Nella filiera cerasicola non c’è nord contro sud, la differenza c’è tra chi si adatta al mercato e chi no

Quello svoltosi a Rimini è stato un evento di respiro internazionale con il gotha del settore. Una grande occasione per promuovere la cerasicoltura della regione, con le visite in campo nei vivai, nelle aziende agricole e negli stabilimenti di lavorazione delle ciliegie, in un comprensorio che conta circa 3mila ettari dedicati alla cerasicoltura. Un’attenzione che mette sotto i riflettori una regione, penalizzando altre, forse ancora più importanti per volumi e superfici coltivate, basti pensare che la Puglia è la regione maggior produttrice di ciliegie in Italia, e detiene con le sue quasi 32mila tonnellate il 35% della produzione italiana, il 62% delle superfici investite pari a circa 19mila ettari di terreno ed un fatturato di circa 22 milioni di euro.

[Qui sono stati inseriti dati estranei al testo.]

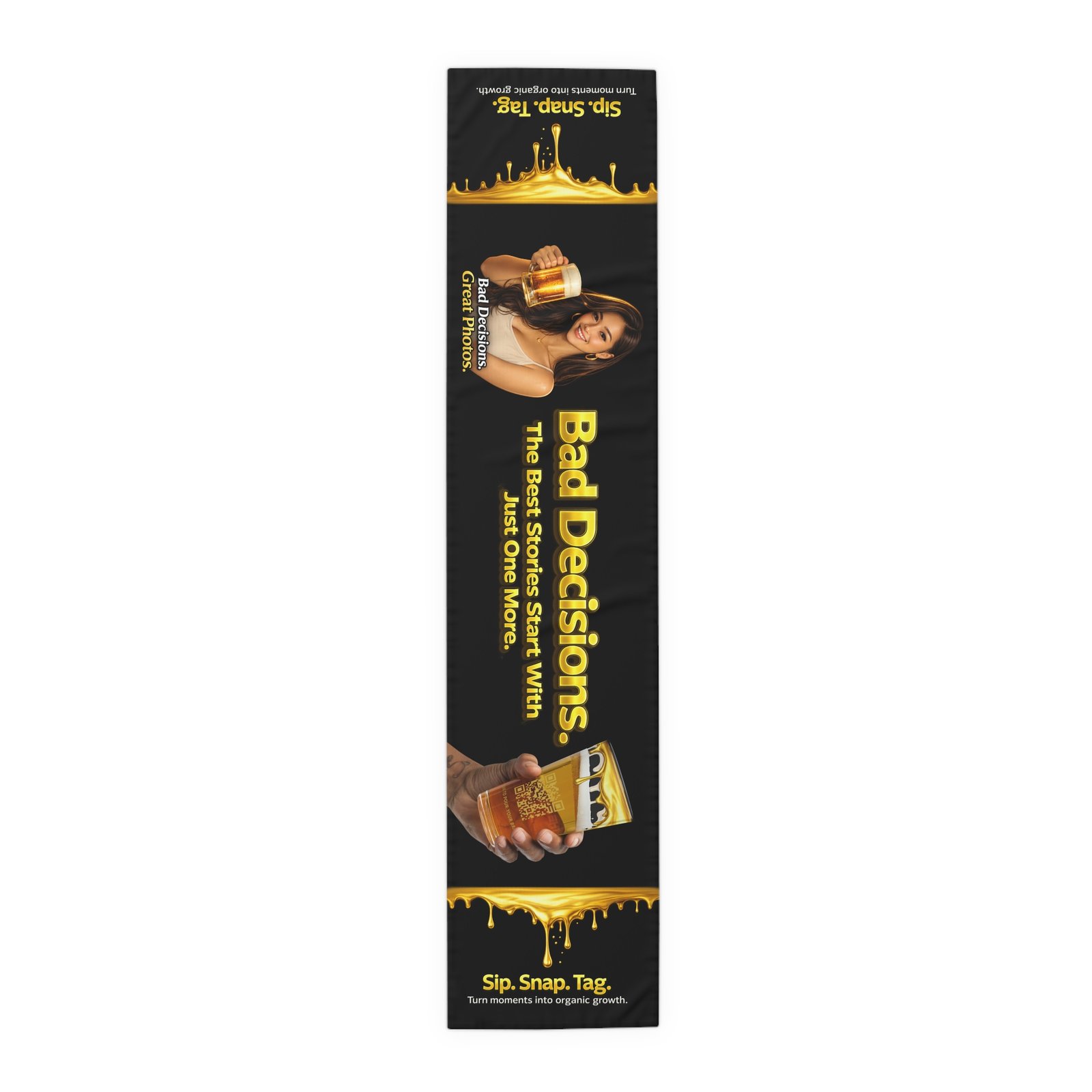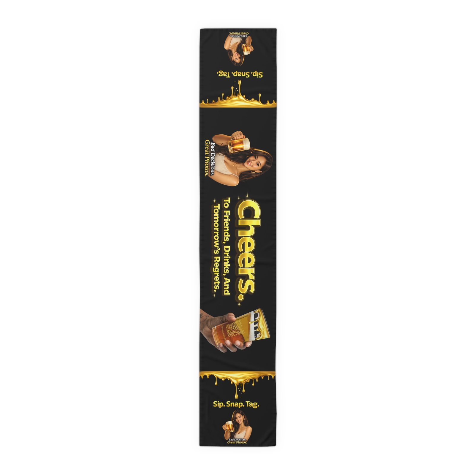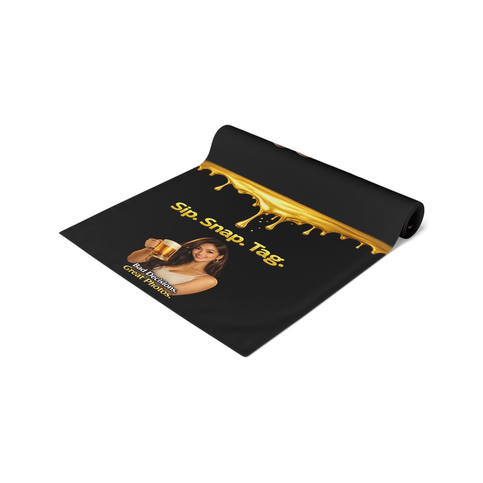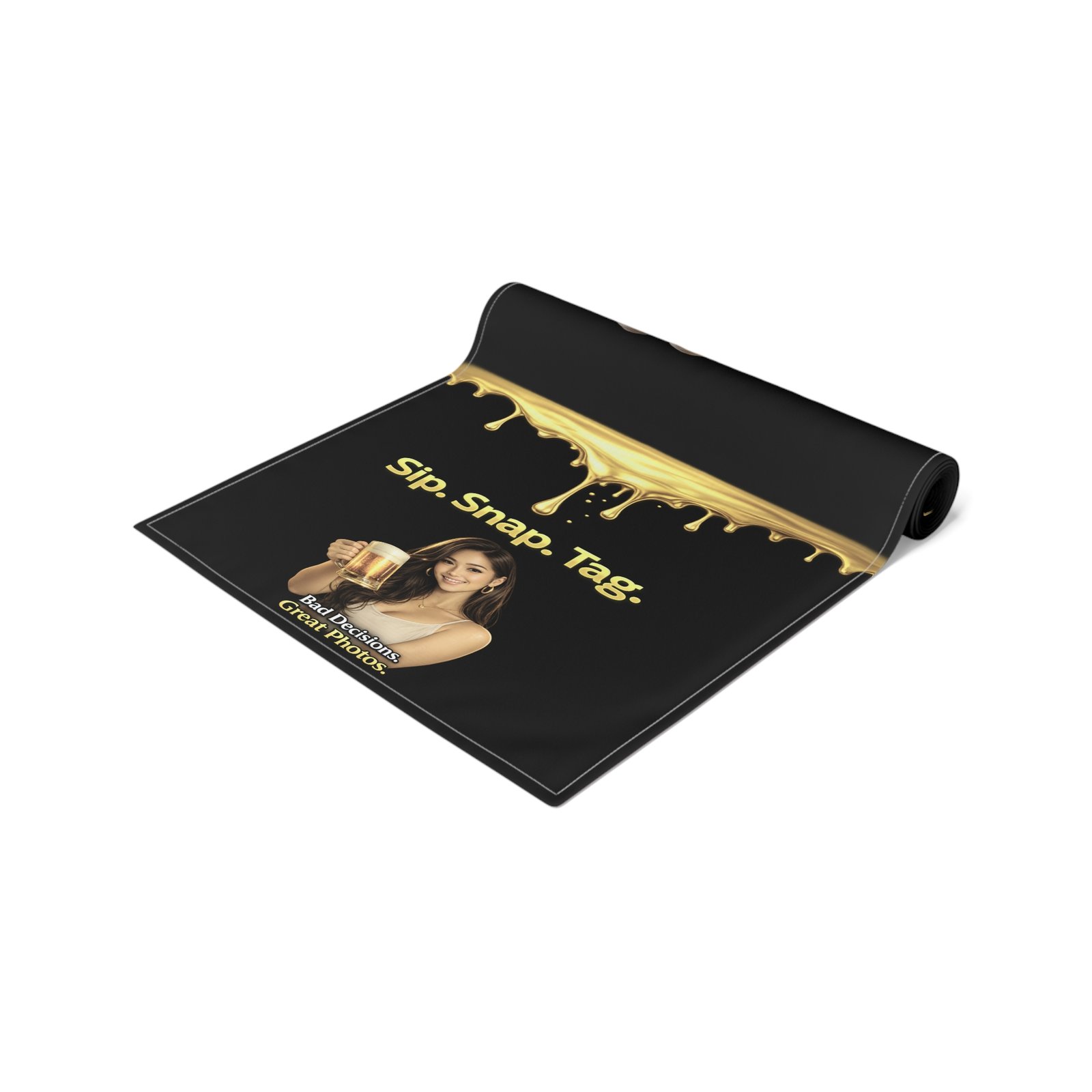 The runner blends playful bar culture with strong visual impact. A raised beer glass graphic sits within the design while the Sip. Snap. Tag. message appears at the ends, encouraging guests to capture the moment and share it.
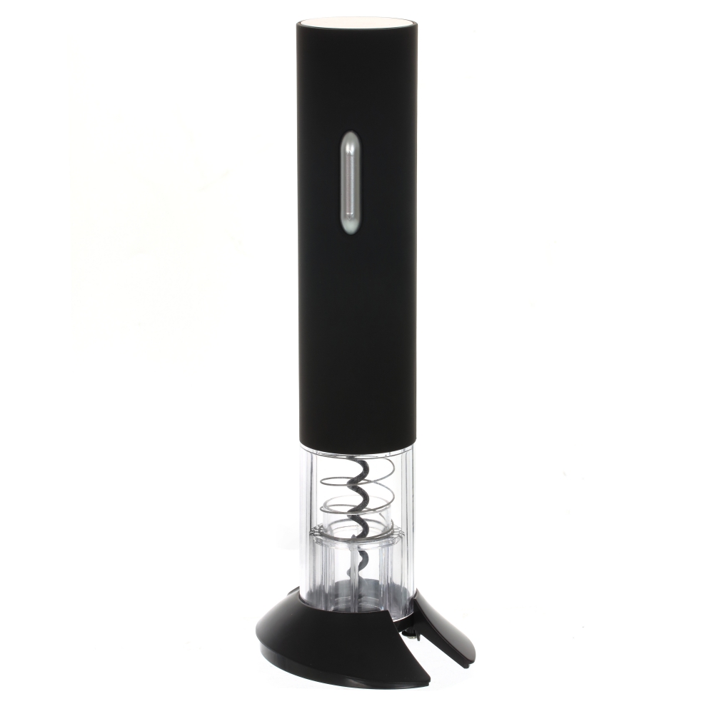 Винный штопор на батарейках позволяет выкручивать пробку из бутылки одним нажатием. Он работает с помощью четырех батареек типа АА (не прилагаются). Штопор имеет цилиндрическую форму. Визуально разделен на две части, верхнюю черную и нижнюю прозрачную. Основной материал аксессуара – прочный пластик и коррозионностойкая сталь. На корпусе присутствует кнопка управления.
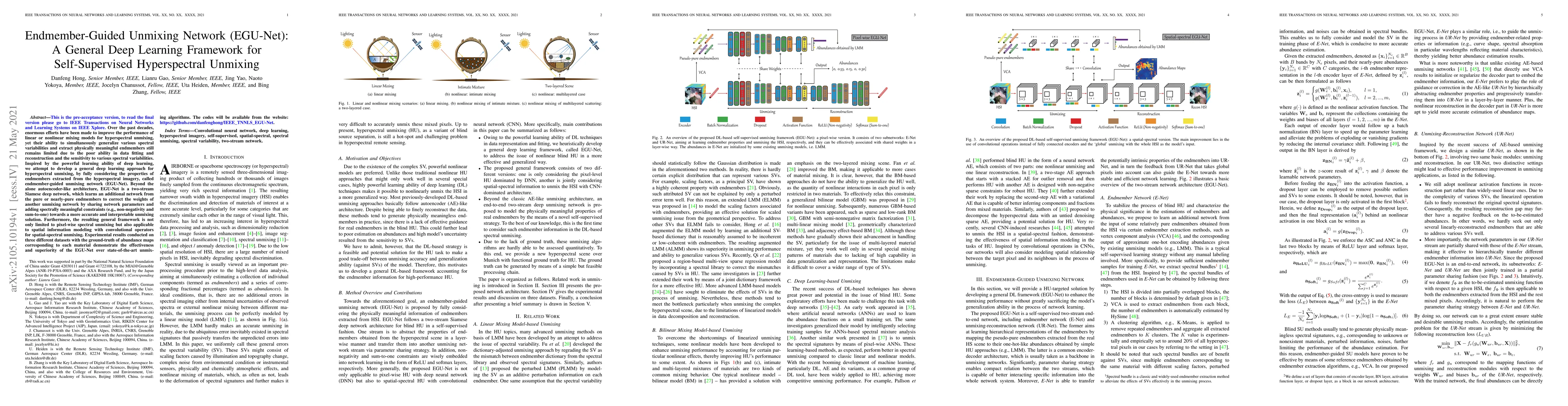 The Endmember-Guided Unmixing Network (EGU-Net) is a novel deep learning framework for hyperspectral unmixing that leverages endmember properties to improve accuracy and interpretability. The two-stream Siamese network with shared parameters and spectral constraints outperforms existing methods, demonstrating effectiveness across various datasets.
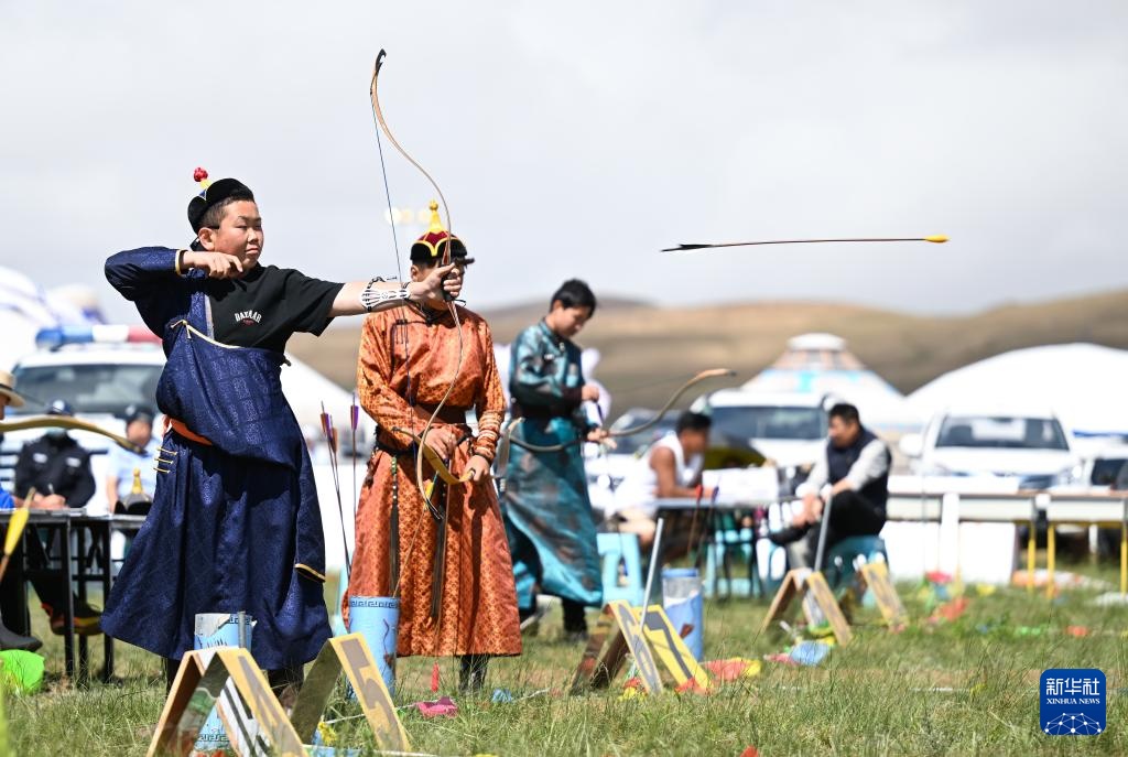 7月16日,額尼日勒(前左)在那達(dá)慕射箭比賽中。新華社記者 貝赫 攝
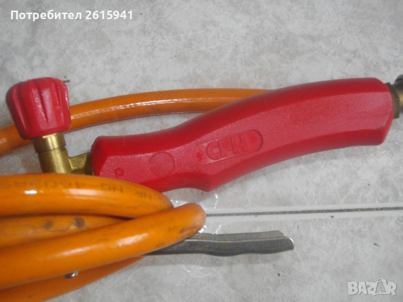 ОПИСАНИЕ на газова пропан.бутан горелка за покриви/хидроизолации CFH - 159 лв. Почти нова, ползвана веднъж. Съвсем бегли следи от употреба. Дължина цялостна - 88 см, бронз глава, върток спирателен, дълъг метален спусък, оригиналнай стойка метална за самостоятелен стоеж. Маркуч 5 м като нов, без забележки, захват 3/8. Чашка диаметър ф 70 мм външен с 7 дупки за пламъка. Цена на горелката - 159 лв.
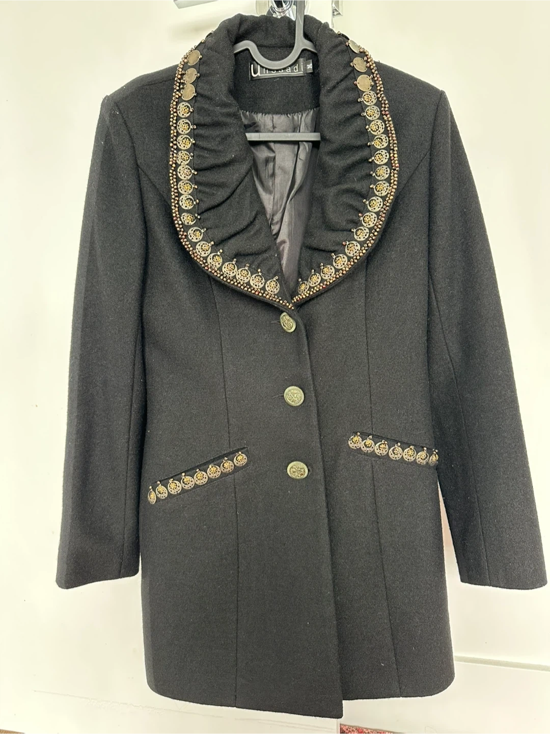 Selling a gorgeous vintage Unicord wool coat. It's black and features beautiful embellishments around the collar and pockets. Perfect for adding a touch of elegance to any outfit!
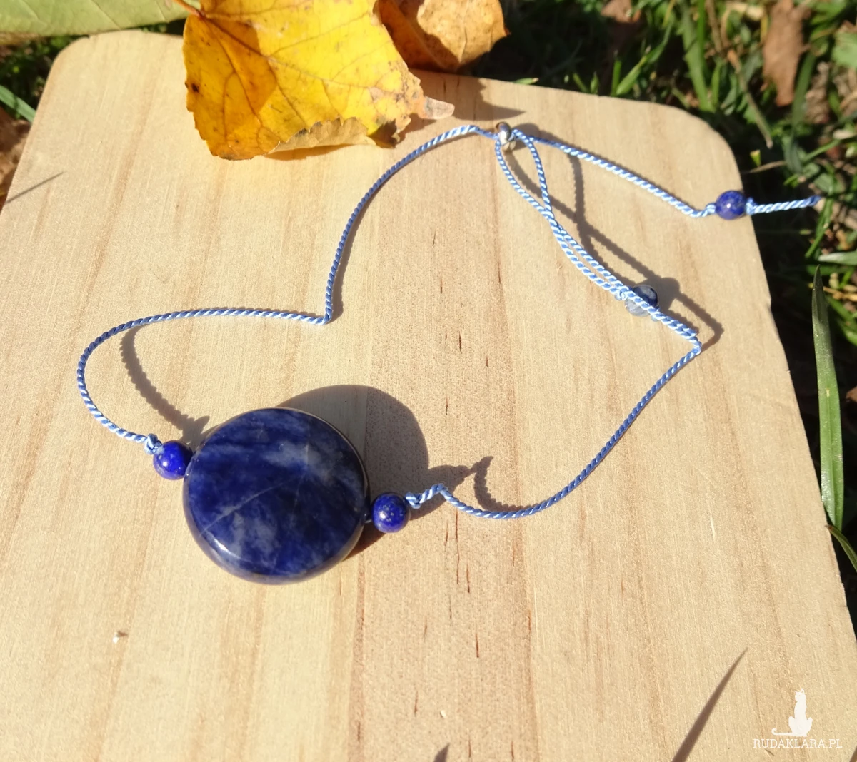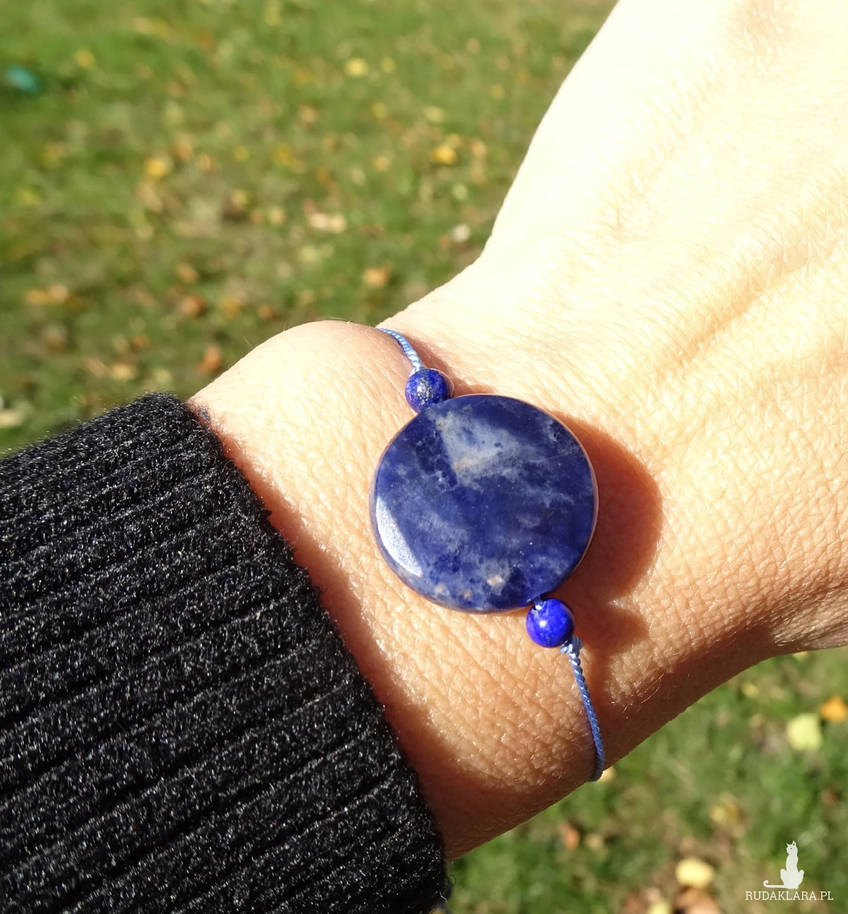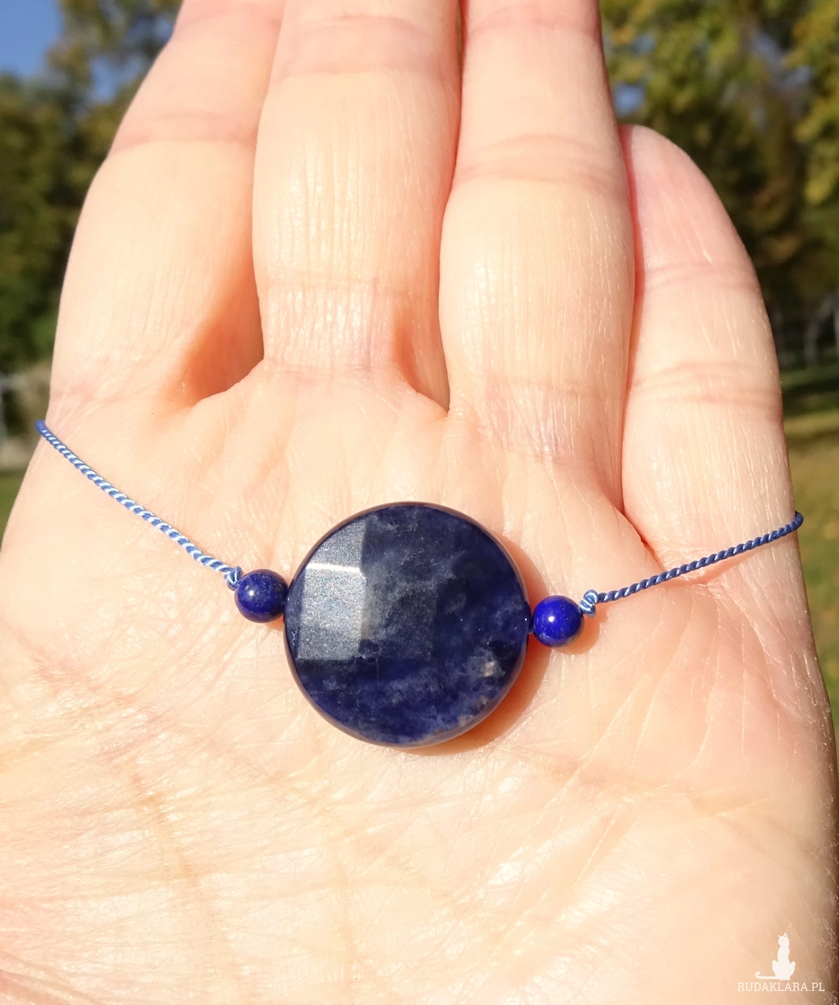 Bransoletka na nici jedwabnej z naturalnych kamieni niebieskiego sodalitu

In occasione della kermesse riminese abbiamo scambiato due battute con Luigi Catalano, uno dei maggiori esperti nazionali del settore.

Non ritiene che sul fronte della promozione sui mercati portare avanti una narrazione incentrata solo su un territorio e su varietà sia controproducente per il sistema cerasicolo italiano?

Luigi Catalano

Invece di recriminare e di cadere in sterili polemiche campanilistiche, sarebbe il caso di riflettere su come il distretto cerasicolo emiliano romagnolo sia riuscito a far sistema in ambiti come ricerca, sperimentazione, vivaismo, produzione, servizi alla commercializzazione ed attenzione delle istituzioni.

Il mercato oggi richiede ciliegie di grosso calibro, croccanti e scure. Queste caratteristiche sono lontane anni luce dalle storiche varietà coltivate in Italia: Bigarreau Moreau e B. Burlat, Giorgia, Ferrovia, Duroni variamente denominati. Quindi c’è la necessità di un rinnovamento varietale, di concepire impianti tali da permettere l’adozione delle tecniche di coltivazione e di protezione più moderni e funzionali al raggiungimento dei risultati attesi. Questo sta succedendo in Emilia Romagna, Veneto ed anche nella cerasicoltura montana che, seppur vanti pochi ettari, mostra impianti ad elevate tecnologie.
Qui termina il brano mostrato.